[Dataset entries]

- - -

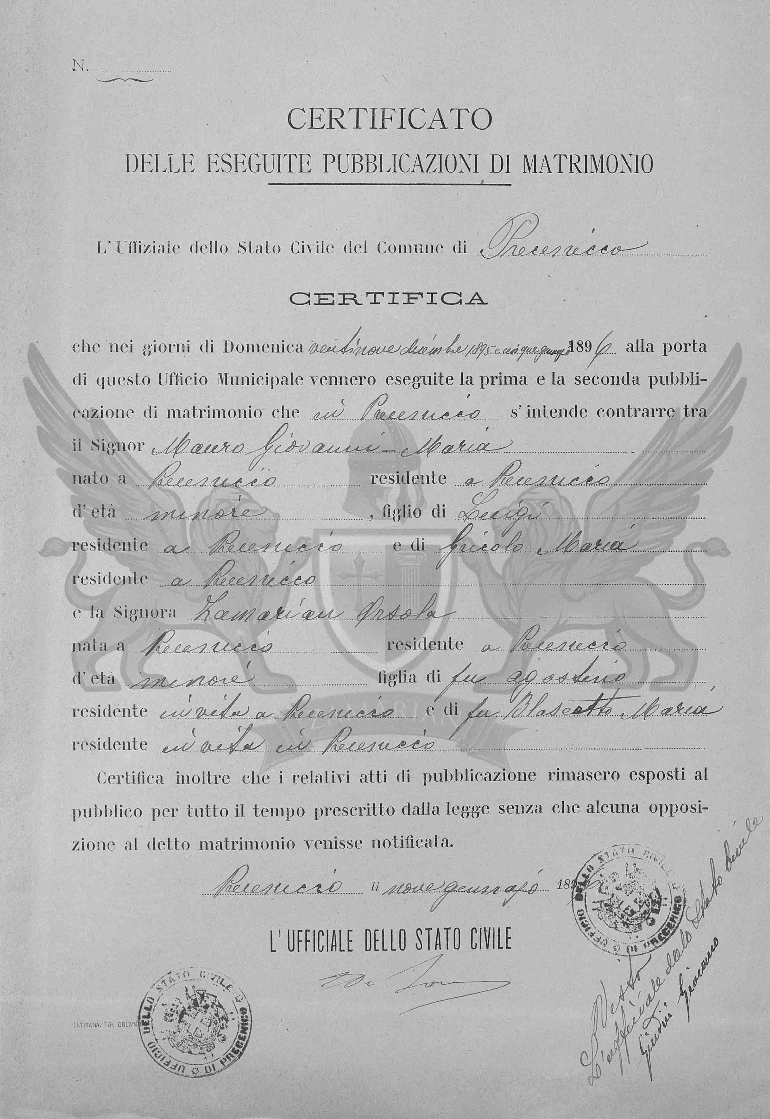 Que nos dias de Domingo vinte e nove de dezembro de 1895 e cinco de janeiro de 1896 à porta deste Ofício Municipal foram exibidos a primeira e segunda publicações de matrimônio que neste Ofício se intende contrair entre o Senhor Senhor Mauro Giovanni Maria, nascido em Precenicco, residente em Precenicco, de idade menor, filho de Luigi, residente em Precenicco e de Gricolo Maria, residente em Precenicco, e a Senhora Zamarian Orsola, nascida em Precenicco, residente em Precenicco, de idade menor, filha do falecido Agostino, residente em vida em Precenicco e da falecida Blaseotto Maria, residente em vida em Precenicco.
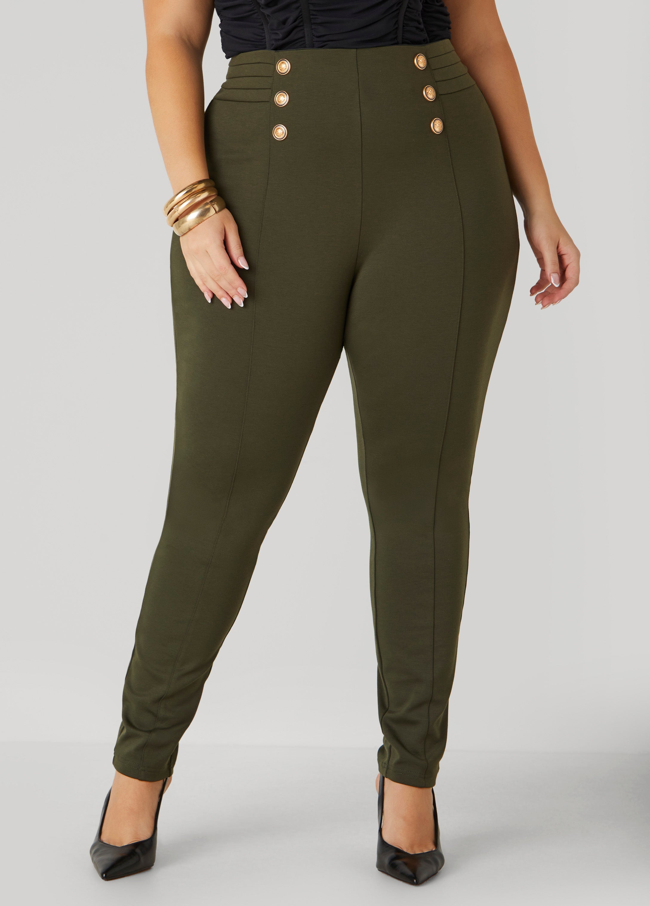 Legs for days & details that just right. These high-rise ponte leggings serve up a sleek fit with pleated accents and sailor-inspired buttons that flirt without trying.
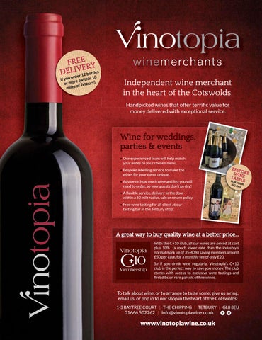 • A flexible service, delivery to the door within a 50 mile radius, sale or return policy. • Free wine tasting for all client at our tasting bar in the Tetbury shop.
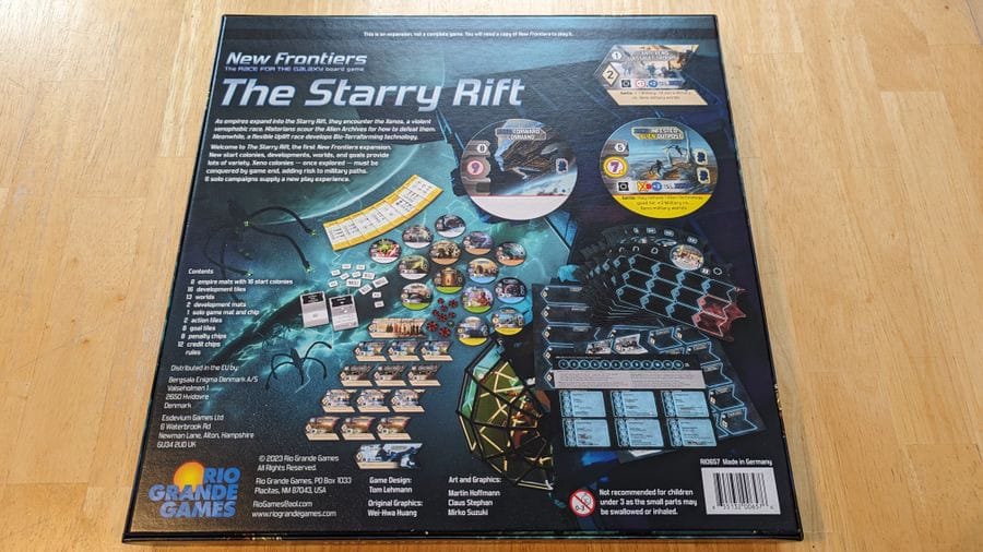 New Frontiers : Starry Rift ajoute 16 mondes d'origine, 10 développements, 13 mondes et 8 objectifs pour développer le jeu de base New Frontiers.
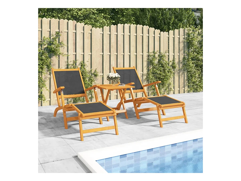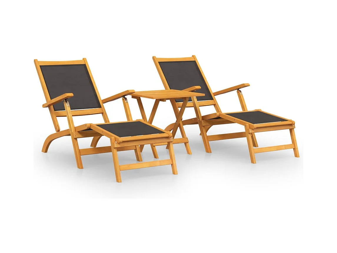 Tumbonas y mesa de exterior Acacia maciza y textileno.

- - -

**What you will do:**
Output, exactly and only, the lines beginning with the one that contains "the Tetbury shop." and ending at the last line of the records above. Drop the pictures.

**Your solution:**
 • A flexible service, delivery to the door within a 50 mile radius, sale or return policy. • Free wine tasting for all client at our tasting bar in the Tetbury shop.
 New Frontiers : Starry Rift ajoute 16 mondes d'origine, 10 développements, 13 mondes et 8 objectifs pour développer le jeu de base New Frontiers.
 Tumbonas y mesa de exterior Acacia maciza y textileno.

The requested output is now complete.